_Task instructions_: An exact copy is needed of the lines in the entries below from the line with "Le Fuji PLUS" up to and including the line with "Modern Brushed Chrome", and of nothing else. Leave the pictures out.

_Data items_:
--
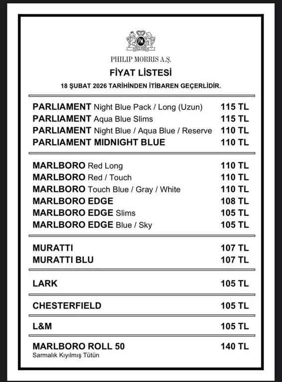 Philip Morris (PM) grubu sigara fiyatları - 18 Şubat 2026
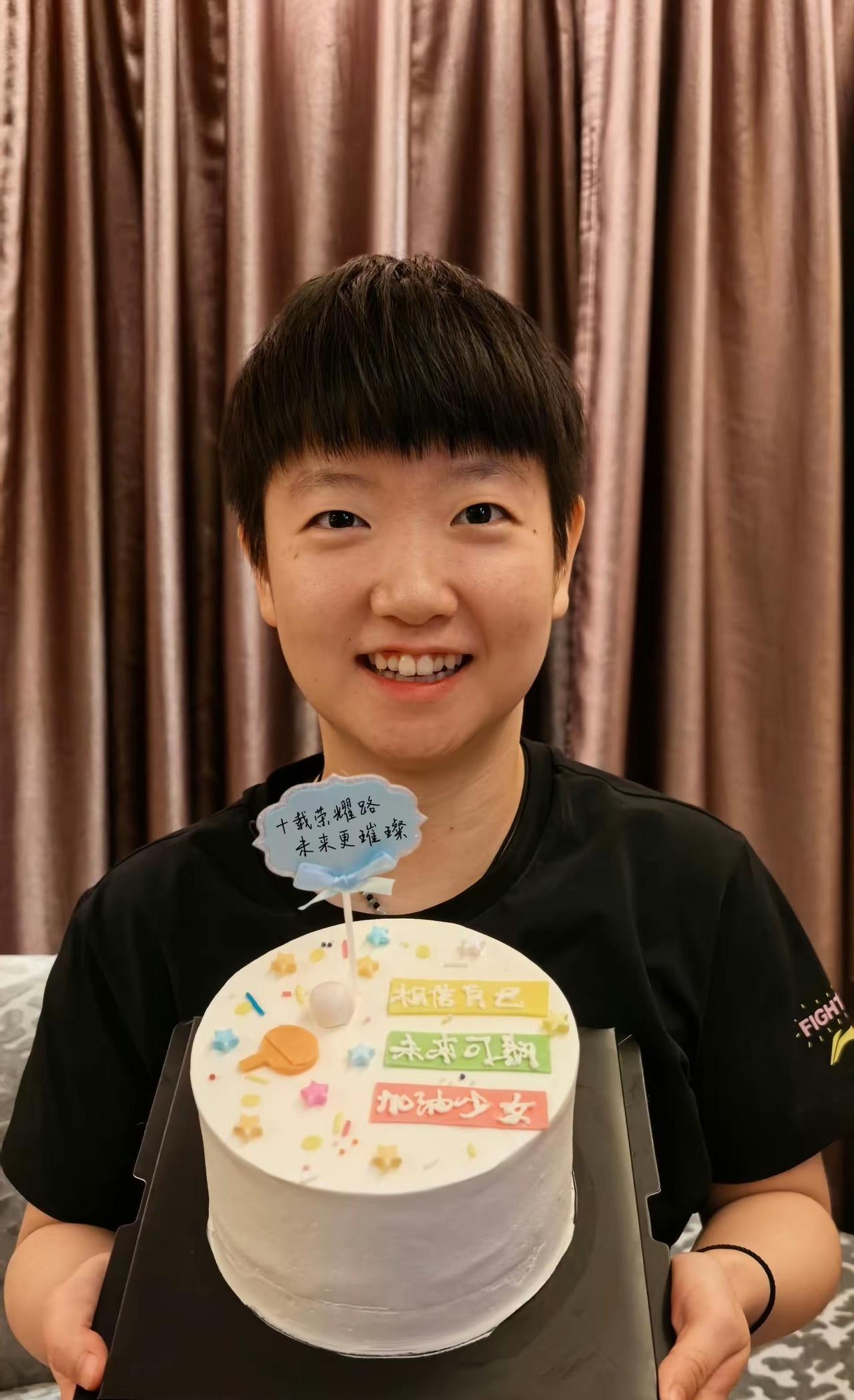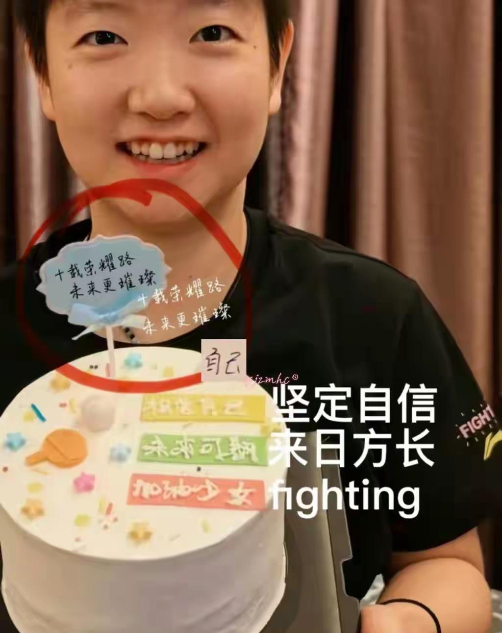 感觉蛋糕店就给了个蛋糕坯子,余下部分都是她哥完成的。字迹相似;蛋糕面上有10颗小星星代表十周年;乒乓球是左手持拍;奶油都没抹均匀,肯定不是蛋糕店的熟练工。 莎莎在国乒十年光阴,拿了102个大赛冠军,现役断层世一。在照片中,她逐渐褪去青涩,越发成熟稳重,不变的是明亮的眼睛和笑容。 十年里有8年在配混双,彼此都是生命中不可分割的部分。我们也感恩遇见这两个优秀青年,像阳光一样,点亮了平淡的生活。莎莎,十载荣耀路,未来更璀璨![太阳][太阳] #孙颖莎# #王楚钦# #王楚钦孙颖莎# #你喜欢孙颖莎吗# #国球乒乓王楚钦##莎头# #国乒# #5114#
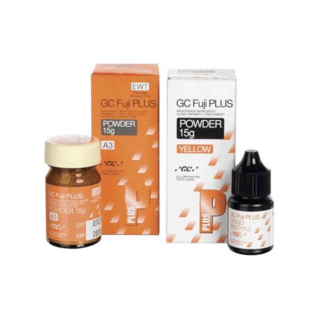 Le Fuji PLUS en poudre de GC est un ciment renforcé à la résine, utilisé pour effectuer des scellements dentaires.
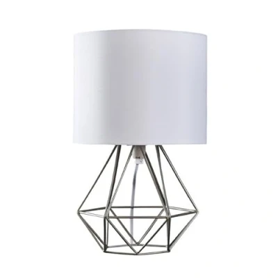 Modern Brushed Chrome Metal Basket Cage Bed Side Table Lamp with a White Fabric Shade
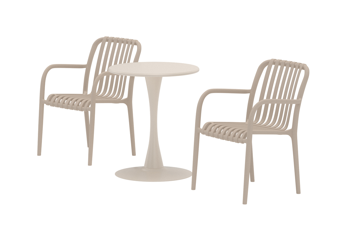 Комплект Limnos бежевого цвета — стильное и практичное решение для балкона, террасы или сада. Комплект состоит из двух удобных стульев и круглого стола, объединенных единым дизайном, создающим современный и гармоничный вид. Классический бежевый цвет позволяет Limnos легко вписаться в различные интерьеры, становясь уютным местом для кофе, завтрака или спокойного отдыха на солнце.
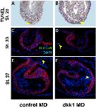 Supplement Fig. 3: Loss of Dkk1 does not result in apoptosis A,B. Apoptotic cells were stained at stage 28 by TUNEL assay. Only few apoptotic cells were detected on sections as indicated by the yellow arrowhead. No difference between Control MO and Dkk1 MO injected embryos was observed. C-F. Apoptotic cells were detected by immunofluorescence staining against cleaved caspase 3 (C-Csp3) followed by serial sections. Cardiomyocytes were detected by cardiac troponin T staining (Tnnt2). Nuclei were counterstained with DAPI. Only few apoptotic cells were detected at stage 33 (C,D) or 37 (E,F) as labelled by the yellow arrowhead. Scale bar, 100 µm. |
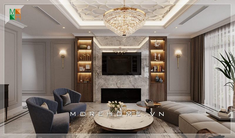 Thiết kế nội thất phòng khách chung cư phong cách tân cổ điển
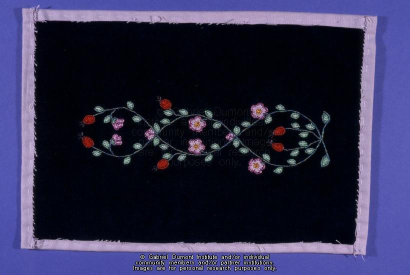 | Description: | Photograph of a circular pattern on green velvet - 1 of 2, made by Anne Dorion. This item is part of the Gabriel Dumont Institute Museum Collection.
--
_Output of the task_:
 Le Fuji PLUS en poudre de GC est un ciment renforcé à la résine, utilisé pour effectuer des scellements dentaires.
 Modern Brushed Chrome Metal Basket Cage Bed Side Table Lamp with a White Fabric Shade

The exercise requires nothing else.